Lentement, Perceval acquiesce, reculant doucement pour s'adosser au dossier de la chaise, pour finalement soupirer d'agacement.

PERCEVAL : Non, désolé sire, j'vois pas. J'fais des efforts pourtant.
ARTHUR : Que j'suis pas foutu d'honorer mes maîtresses ou ma femme ! Enfin, c'est pas sorcier !

L'une des servantes postées près du buffet jette un regard terrorisé à la table des deux convives. Arthur en devient encore plus furieux. Perceval, lui, ne s'en formalise pas.

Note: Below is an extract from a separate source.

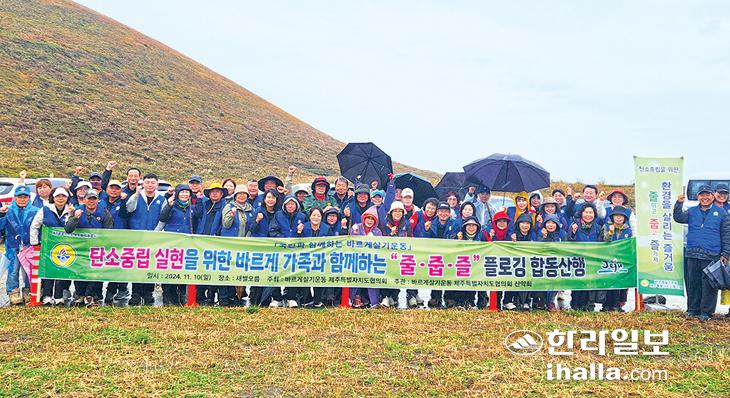 바르게살기운동 제주특별자치도협의회(회장 좌중언)와 산악회(회장 정승익)는 지난 10일 애월읍 새별오름 일대에서 바르게 가족 70여 명이 참여한 가운데 '탄소중립 실현을 위한 바르게 가족과 함께하는 줄(이고)·줍(고)·즐(기자) 플로깅 합동산행'을 했다.

PERCEVAL : Ah ! Mais oui, c'est bien de ça qui s'agissait. Parce que- Regardez, j'ai compris ! Quand vous disiez que vous pouviez pas lever l'épée, c'était une métaforme.
ARTHUR : Ce n'était pas une métaphore, bordel ! Je vais bien ! J'vais pas inviter faire ça sur la table ronde pour le prouver, crétin !
PERCEVAL, compréhensif : J'me doute que c'est pas facile. Mais vous l'avez dit, blanc sur noir.
ARTHUR, à la fois hilare et hors de lui : Non, non, j'pense pas.

Plissant le front, Perceval réfléchit, se mordillant la lèvre dans un effort de concentration intense. S'illuminant brutalement, il tape du poing sur la table.

PERCEVAL : Ca me revient ! Vous m'disiez que ces histoires de bonnes femmes vous montaient à la tête, mais que les maîtresses qui ronchonnent, ça allait avec le trône et l'impuissance.
ARTHUR : La puissance, pas l'impuissance !

A bout de forces, le roi se fracasse le front contre la table en bois. Entre deux plaintes et deux insultes, Perceval tâche de se faire entendre pour aplanir la situation.

ARTHUR : Si vous foutez pas l'camp d'ici, j'vous dérouille à mains nues...
PERCEVAL : Le prenez pas comme ça ! Ma foi, c'est dommage que vous alliez bien. 'fin, j'veux dire que c'est pas plus mal mais- J'ai galéré pour trouver des aliments paradisiaques comme qu'y disait Bohort. Pis, y savait pas si on en trouvait ici, au marché.

Se relevant, Arthur dresse le poing et déplie l'index, puis le majeur ainsi que l'annulaire.

ARTHUR : Karadoc, Merlin, Bohort… Vous en avez mis combien au courant, hein ? Combien, parlez !

Se relevant de son siège, il passe les mains autour de la gorge de Perceval et serre jusqu'à ce que celui-ci bafouille de le laisser respirer. Le roi relâche finalement sa prise.

Fondu noir

PERCEVAL : Mais y'a rien de honteux ! Comme le disait Messire Leodagan, ça arrive à tout l'monde!